The FY20 development spend was $27 million, with the major project being the transformation of the Caringbah Super Centre in metropolitan Sydney which commenced in late calendar 2019. The upper ground was completed on time and opened, despite the COVID-19 related restrictions. The development is expected to be fully completed in November 2020.

 

Also this year, Aventus acquired the adjoining 32,000 sqm development site in Epping, Victoria, for $11.5 million. The acquisition expands Aventus’ existing holding by 53% and the amalgamated site provides significant opportunity for master planning of a mixed-use development.

 

Outlook

Mr Darren Holland, Aventus CEO said, “We are also well positioned to benefit from the recent changes from the household spending patterns as we spend more time working, learning and entertaining from home.

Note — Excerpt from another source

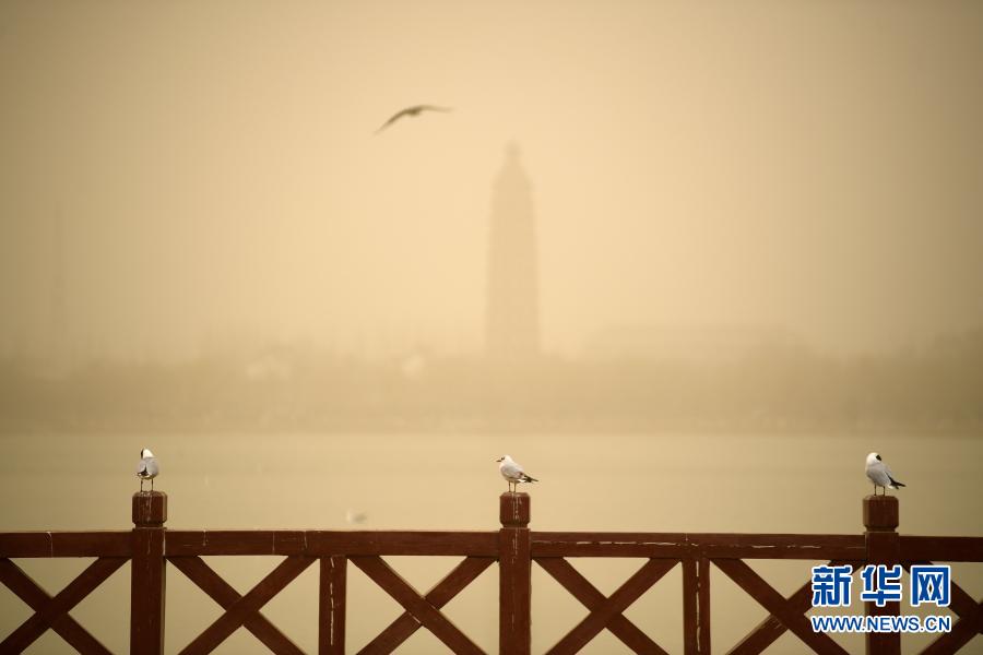 3月16日,宁夏银川沙尘天气持续,风力有所减弱,由强沙尘暴天气降为浮尘天气。自3月15日凌晨开始,宁夏中北部自北向南出现强沙尘暴天气。新华社记者王鹏 摄

Together with a track record of astute capital management, we are also able to continue working toward our long-term strategic goals. The ability to proceed with the redevelopment of Caringbah and to acquire the Epping site are evidence of our capabilities and focus on strategy.”

 

“While the uncertainty stemming from the impact of COVID-19 persists, we do not believe it advisable to provide FY21 guidance.”, concluded Mr Holland.